§ Data records
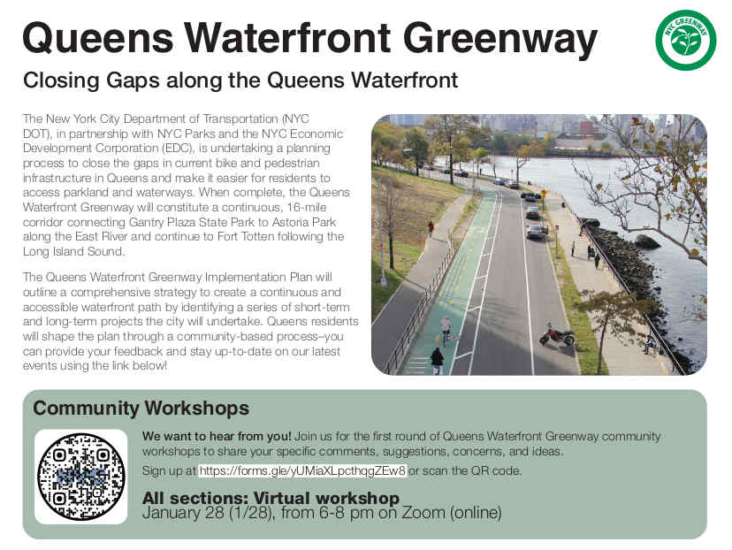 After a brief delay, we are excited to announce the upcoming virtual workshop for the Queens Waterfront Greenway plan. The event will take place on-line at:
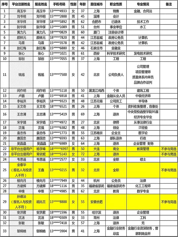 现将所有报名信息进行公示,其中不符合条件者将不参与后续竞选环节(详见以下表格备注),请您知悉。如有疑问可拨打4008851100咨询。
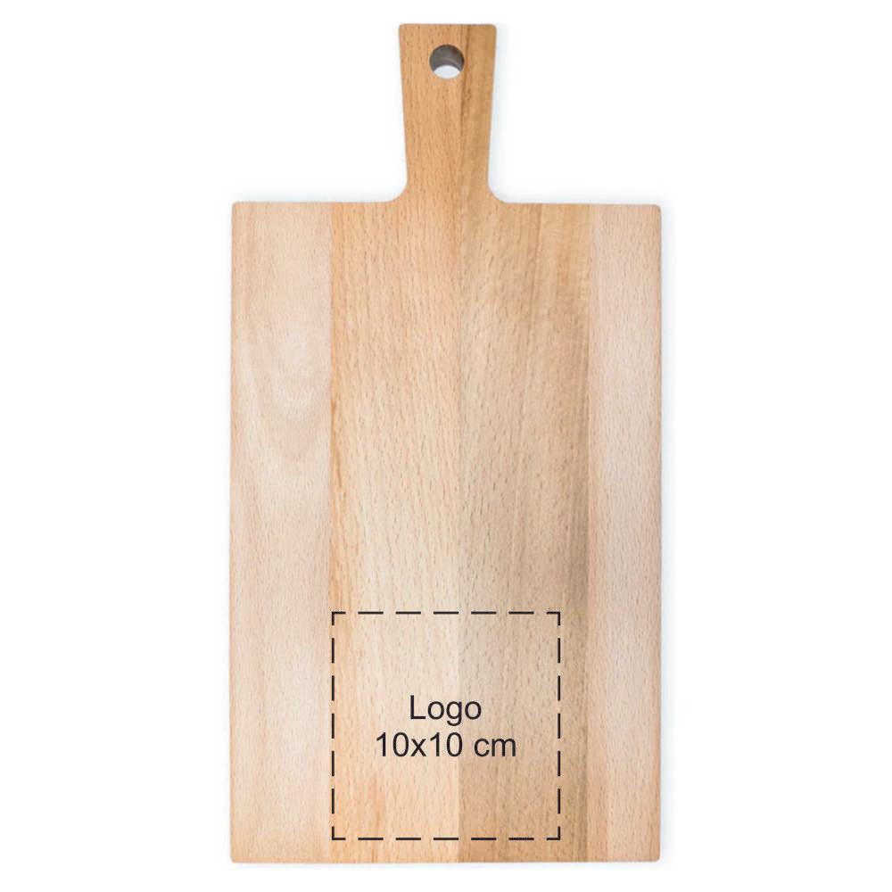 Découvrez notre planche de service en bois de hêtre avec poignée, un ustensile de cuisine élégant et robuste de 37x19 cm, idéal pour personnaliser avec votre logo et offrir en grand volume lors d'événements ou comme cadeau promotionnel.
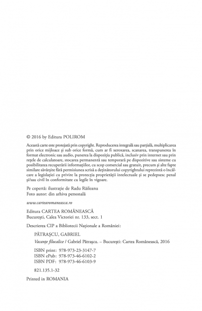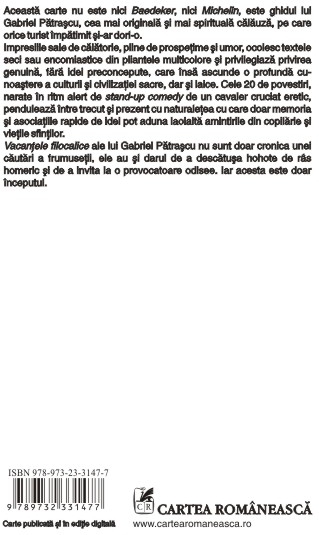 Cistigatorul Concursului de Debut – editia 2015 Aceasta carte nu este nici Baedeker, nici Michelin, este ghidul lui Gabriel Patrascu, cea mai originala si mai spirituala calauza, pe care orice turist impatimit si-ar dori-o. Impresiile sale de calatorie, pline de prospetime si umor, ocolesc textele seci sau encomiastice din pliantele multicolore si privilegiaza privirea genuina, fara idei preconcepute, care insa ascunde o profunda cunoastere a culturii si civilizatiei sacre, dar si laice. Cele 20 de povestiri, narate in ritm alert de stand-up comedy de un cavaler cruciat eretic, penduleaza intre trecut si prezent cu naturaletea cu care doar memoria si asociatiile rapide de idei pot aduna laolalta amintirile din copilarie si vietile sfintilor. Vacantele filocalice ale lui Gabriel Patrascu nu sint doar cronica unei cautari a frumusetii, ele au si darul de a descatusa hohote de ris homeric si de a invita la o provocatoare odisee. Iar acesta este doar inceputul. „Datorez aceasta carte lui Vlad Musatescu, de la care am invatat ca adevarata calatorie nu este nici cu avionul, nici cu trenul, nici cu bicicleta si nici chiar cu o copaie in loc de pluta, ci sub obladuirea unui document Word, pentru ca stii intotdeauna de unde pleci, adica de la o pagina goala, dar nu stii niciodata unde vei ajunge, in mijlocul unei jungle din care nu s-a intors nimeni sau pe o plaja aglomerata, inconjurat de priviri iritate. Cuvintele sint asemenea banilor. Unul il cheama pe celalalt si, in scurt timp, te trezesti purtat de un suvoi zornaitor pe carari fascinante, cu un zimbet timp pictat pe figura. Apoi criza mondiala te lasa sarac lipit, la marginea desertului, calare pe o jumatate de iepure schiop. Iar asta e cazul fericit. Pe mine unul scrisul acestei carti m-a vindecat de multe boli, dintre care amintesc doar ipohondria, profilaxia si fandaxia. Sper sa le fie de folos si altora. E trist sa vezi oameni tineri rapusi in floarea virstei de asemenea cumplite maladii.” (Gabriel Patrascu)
==
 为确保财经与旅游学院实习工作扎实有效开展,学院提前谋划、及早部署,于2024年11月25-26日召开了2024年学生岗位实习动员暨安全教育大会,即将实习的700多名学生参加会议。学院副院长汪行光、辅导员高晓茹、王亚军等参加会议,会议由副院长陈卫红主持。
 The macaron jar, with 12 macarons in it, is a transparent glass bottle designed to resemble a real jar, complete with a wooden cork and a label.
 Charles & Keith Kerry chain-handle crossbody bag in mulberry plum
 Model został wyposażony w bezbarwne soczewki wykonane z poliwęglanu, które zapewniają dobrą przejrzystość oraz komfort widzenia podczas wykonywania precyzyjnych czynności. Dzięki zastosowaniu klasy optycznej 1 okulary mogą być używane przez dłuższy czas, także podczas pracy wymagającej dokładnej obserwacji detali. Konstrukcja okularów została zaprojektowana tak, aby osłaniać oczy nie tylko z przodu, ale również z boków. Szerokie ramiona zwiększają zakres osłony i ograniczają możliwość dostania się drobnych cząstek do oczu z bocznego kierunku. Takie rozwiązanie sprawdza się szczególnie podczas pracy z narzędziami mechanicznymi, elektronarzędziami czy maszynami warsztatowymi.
---
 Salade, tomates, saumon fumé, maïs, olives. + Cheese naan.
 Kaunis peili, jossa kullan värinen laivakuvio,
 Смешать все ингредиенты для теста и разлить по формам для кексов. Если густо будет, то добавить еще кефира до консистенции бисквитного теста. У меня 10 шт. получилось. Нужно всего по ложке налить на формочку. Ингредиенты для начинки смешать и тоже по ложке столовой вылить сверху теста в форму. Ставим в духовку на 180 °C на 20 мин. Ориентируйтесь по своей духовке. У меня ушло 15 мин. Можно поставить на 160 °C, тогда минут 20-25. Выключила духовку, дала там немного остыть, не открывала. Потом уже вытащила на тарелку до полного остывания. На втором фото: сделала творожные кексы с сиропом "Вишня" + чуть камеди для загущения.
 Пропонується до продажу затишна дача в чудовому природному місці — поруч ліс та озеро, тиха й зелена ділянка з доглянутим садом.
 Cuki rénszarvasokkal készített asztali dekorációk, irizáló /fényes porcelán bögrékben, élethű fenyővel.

§ Exercise description
Would you write out exactly the lines above, starting at the line containing "现将所有报名信息进行公示,其" and stopping after the line containing "Découvrez notre planche"? Omit the pictures.

§ Answer below
 现将所有报名信息进行公示,其中不符合条件者将不参与后续竞选环节(详见以下表格备注),请您知悉。如有疑问可拨打4008851100咨询。
 Découvrez notre planche de service en bois de hêtre avec poignée, un ustensile de cuisine élégant et robuste de 37x19 cm, idéal pour personnaliser avec votre logo et offrir en grand volume lors d'événements ou comme cadeau promotionnel.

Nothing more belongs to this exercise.